Exercise aim
Retype exactly what appears below from the line containing "The chemical estimation" down to the line containing "武汉大学的事情,应该可以告一个段落了,该换的该处理的均一处理,谈判罚结果给予", keeping both end lines. Do not include pictures.

++++ Exercise input ++++

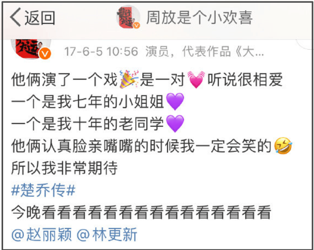 把周放近三年给赵丽颖的生日祝福放在一起看,一眼就能看出差别。
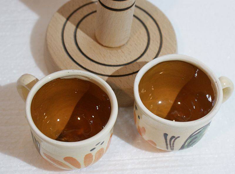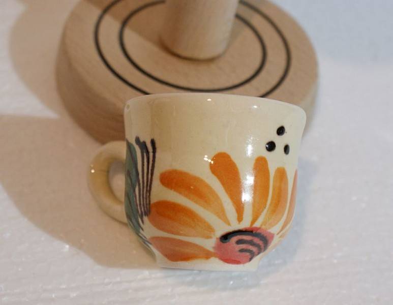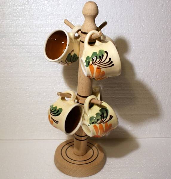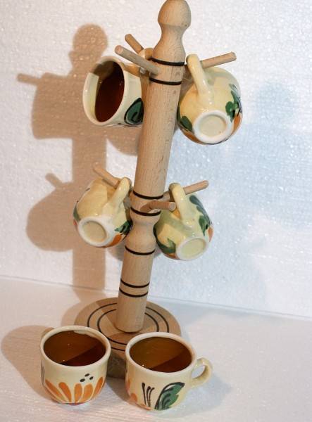 Set format din 6 canite din ceramica, pentru tuica, specifice zonei Transilvania, pictate manual cu modele florale. Cestile sunt asezate intr-un copacel de lemn. Obiectele sunt smaltuite si arse intr-un cuptor special pentru lut, la temperaturi de peste 1100 grade Celsius. Canile se pot folosi ca atare, dar si ca elemente decorative intr-un spatiu amenajat in stil popular, rustic, cabane vanatoresti, pensiuni, moteluri, crame.
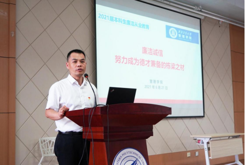 樊琳以“廉洁诚信,努力成为德才兼备的栋梁之才”为主题,用生动形象的案例引出话题,以我校陈士橹院士清廉勤勉做学术等事例,勉励毕业生在今后的道路上要廉洁从业、诚实守信、无愧于心。樊琳老师指出,值此共产党成立一百周年之际,我院2021届毕业生要从南山脚下出发,走向各自新的征程,在未来的工作学习中要坚持八小时以外和八小时以内一个样,要用严格的道德标准要求自己,要为我国社会主义事业不断奋斗。
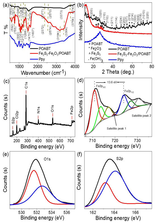 The chemical estimation of Ppy, POABT, and Fe2S3-Fe2O3/POABT nanocomposite using (a) FTIR and (b) XRD. (c) XPS survey, (d) Fe, (e) O, and (f) S elements XPS analyses for Fe2S3-Fe2O3/POABT nanocomposite.
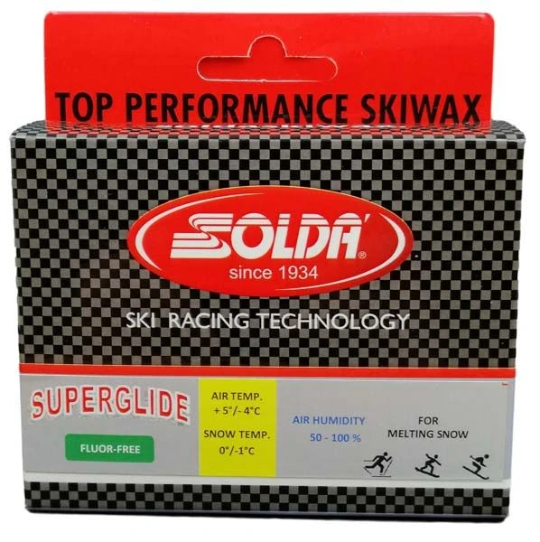 Fluor-free top level skiing glider developed for melting snow and air humidity 50-100% at snow temperature 0°/-1°C and air temperature +5°/-4°C.
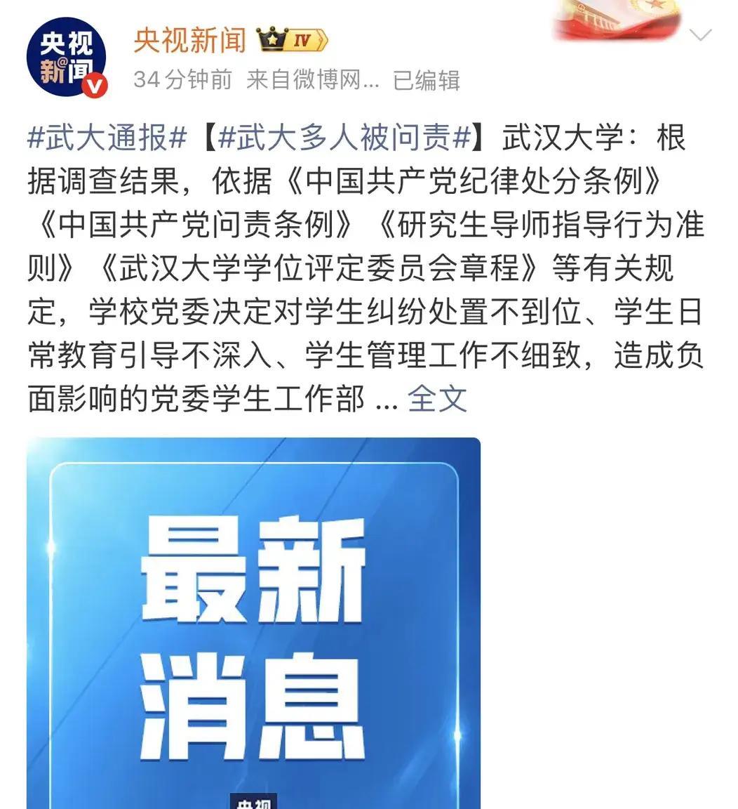 武汉大学的事情,应该可以告一个段落了,该换的该处理的均一处理,谈判罚结果给予
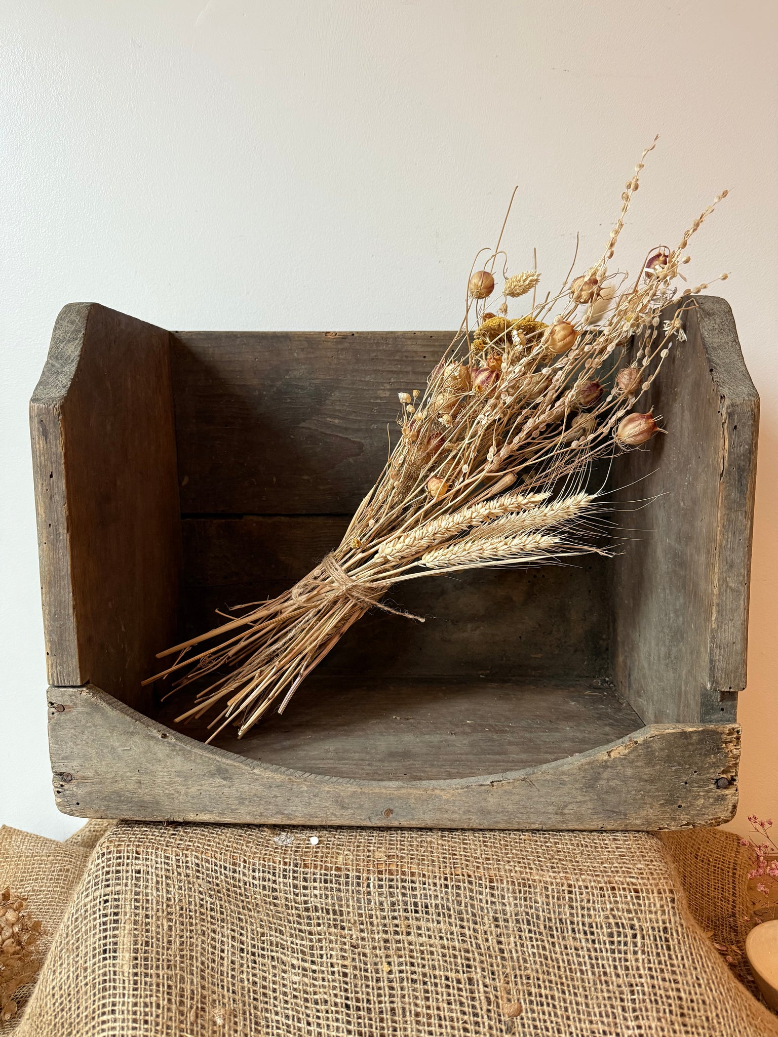 French vintage rustic wash box, it’s a lovely old heavy one. It has been treated for historic woodworm, these are always great as a shelf or just to display lovely things a good size 44 x 25 x 35cm
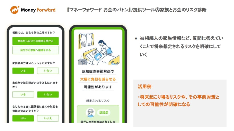 最後に「家族とお金のリスク診断」は、相続に関する潜在的なリスクを簡単に確認できるツールです。診断結果では想定されるリスクだけでなく、それを回避するためにやるべきことの一覧が自動で作成され、最初に紹介した「やることリスト」に追加されます。またLINEで家族と手軽に共有することもできます。

++++

Completed task
 The chemical estimation of Ppy, POABT, and Fe2S3-Fe2O3/POABT nanocomposite using (a) FTIR and (b) XRD. (c) XPS survey, (d) Fe, (e) O, and (f) S elements XPS analyses for Fe2S3-Fe2O3/POABT nanocomposite.
 Fluor-free top level skiing glider developed for melting snow and air humidity 50-100% at snow temperature 0°/-1°C and air temperature +5°/-4°C.
 武汉大学的事情,应该可以告一个段落了,该换的该处理的均一处理,谈判罚结果给予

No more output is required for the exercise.